Ах, как просто: тебя устраивала твоя жизнь. Ты сказала честно. Так хотела: и приключения, и надежный базовый аэродром, и свобода маневра, и романтическая любовь с разлукой…
О черт, но ведь главное, на что я купился, главное, что было мне дороже всего в тебе – потрясающая чуткость, отзывчивость, чистота тона: на каждое мое движение, каждое слово, каждый жест – ты поступала именно так, как было истинно, как я хотел больше всего, мечтал. До тебя – я полагал, что чувство никогда не может быть полностью взаимно. И вдруг оказалось – может… В резонанс, в такт, в один стук сердца.
Все в тебе – ерунда по сравнению с главным, потрясающим, данным от Бога: ты женщина, каких почти не бывает. Ты рядом – уже свет праздника, радости, любви, счастья. Взглядом, улыбкой, жестом, интонацией, беглым поступком – ты дарила мужчине полное ощущение того, что он – желанен, значителен, интересен, достоен, что он – тебе и всем! – единственный такой, мужественный, сильный, красивый, замечательный. Это не было сознательным воздействием – это шло от твоей сущности, от жадного и радостного приятия жизни, веры в нее, и эту радость и веру ты естественно, как дыхание, разделяла с тем, кого встречала.
Но я – не первый встречный, верно, малыш? Ты меня помнишь? Тоска тебя грызет?
И я раскрылся весь – в изумлении приходящего счастья, которое возможно лишь единожды. И ты испугалась – порабощения собственным чувством. «Я не позволяла себе чувствовать даже тысячную часть того, что чувствовала на самом деле, чего хотела…»
И стала всаживать в меня крючья. Ты очень боялась раскрыться полностью – чтоб не смогли сделать тебе больно. А я был счастлив немыслимому для меня порабощению своим чувством. Вот где произошла нескладушка.
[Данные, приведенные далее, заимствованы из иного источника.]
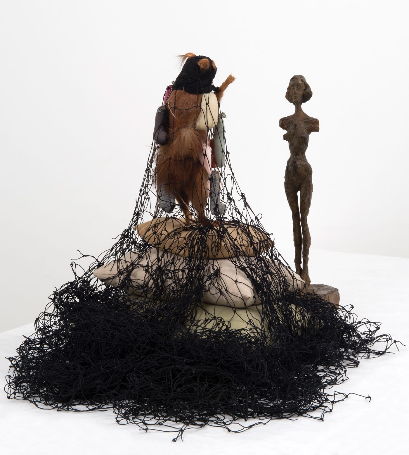 The first stand-alone piece seen is Giacometti’s small “Figurine in Cage” (1950) which leads to Messager’s arranged room of encounters, dedicated to Giacometti’s entourage. Displayed are splendid photographs, letters, notebooks and drawings, most notably one of his mother Annette, “Head of Mother and Man” (circa 1963). It is then I realized the neat conceit at work here: Annette is the name of Giacometti’s mother, also Annette Arm, his wife and primary female model, as seen in “Standing Nude (Annette)” (1961), and also of Messager who is tenderly pairing herself with him here. Indeed, the strongest, strangest, and most surreptitious thing in the show is “The Parade of the Squirrel for Annette” (2018), Messager’s arrangement of Giacometti’s “Annette Standing” (ca. 1954) and her “The Parade of the Squirrel” (1994). There is magic afoot.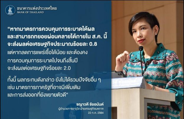 ธปท. ชี้ โควิดรอบนี้ ฉุดกิจกรรมทางเศรษฐกิจติดลบ -0.8 ถึง -2% ต่อจีดีพี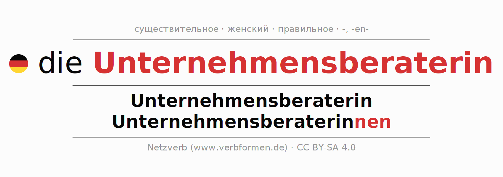 - Единственное число: die Unternehmensberaterin, der Unternehmensberaterin, der Unternehmensberaterin, die Unternehmensberaterin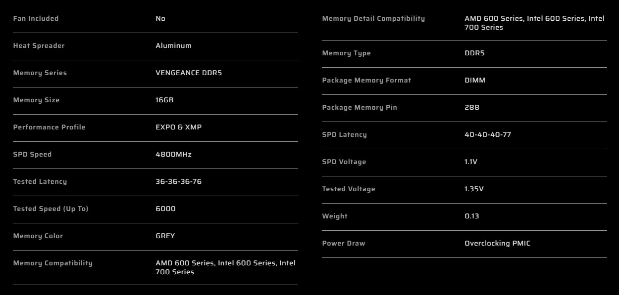 Corsair VENGEANCE LPX DDR5-6000MHz 32GB (16GB x2) CL36 FOR AMD(CMK32GX5M2E6000Z36)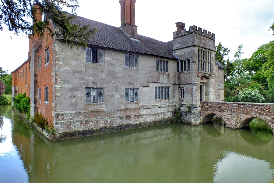 Das Manor von Baddesley Clinton ist wie eine mittelalterliche Burg von einem breiten Wassergraben umgeben ...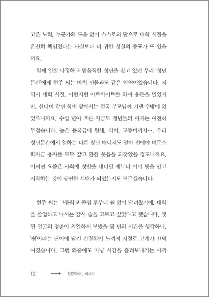 이런 마음은 주변 사람들의 고통에는 아랑곳하지 않고 자신의 이익을 더 중시하는 사회적 분위기 속에 생겨난 우리 사이사이의 깊은 골 위에 다리를 놓아 준다. 『청춘이라는 레시피』는 바로 그런 사랑의 기록이다. 갓 지은 따끈따끈한 밥처럼, 든든한 김치찌개처럼 마음을 채워 주는 위로와 응원이다.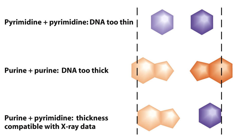Suggests a purine must pair with a pyrmidine, and base pairs must be restricted to A-T and G-C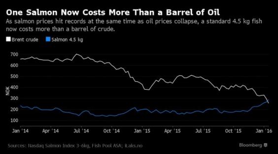 That makes a barrel of oil cheaper than a single salmon. Bloomberg noticed the original report and produced the following chart to illustrate it.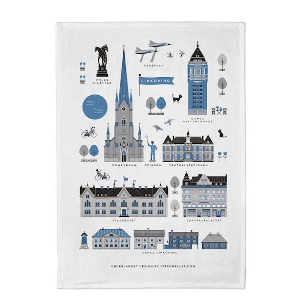 Citronelles blå kökshandduk hyllar Linköpings stadssilhuett med ett stilfullt mönster föreställande kända byggnader. Handduken är tillverkad i en blandning av 50% bomull och 50% linne som ger både hållbarhet och god absorptionsförmåga.

И боялся, не мог, не хотел делать больно; мне необходимо было – оберегать тебя, а не бороться.
Это я говорил тебе, а всего все равно не скажешь, и все слова столько раз употреблялись в жизни, и что тут скажешь нового, и какой в этом смысл, нет в этом смысла, кроме одного, кроме одного: я говорю – и я с тобой, милая моя, родная, любимая, единственная моя, свет мой, и я вижу тебя, слышу тебя, чувствую тебя, счастлив с тобой, как никогда и ни с кем в жизни. Не было у меня никого ближе тебя.
Тебе было хорошо со мной? Я тебе нравился? Я тебя устраивал?
Малыш, чуча-муча, пегий ослик, чуть-чуть ты смалодушничала, чуть-чуть, и это тот последний дюйм, который решает все.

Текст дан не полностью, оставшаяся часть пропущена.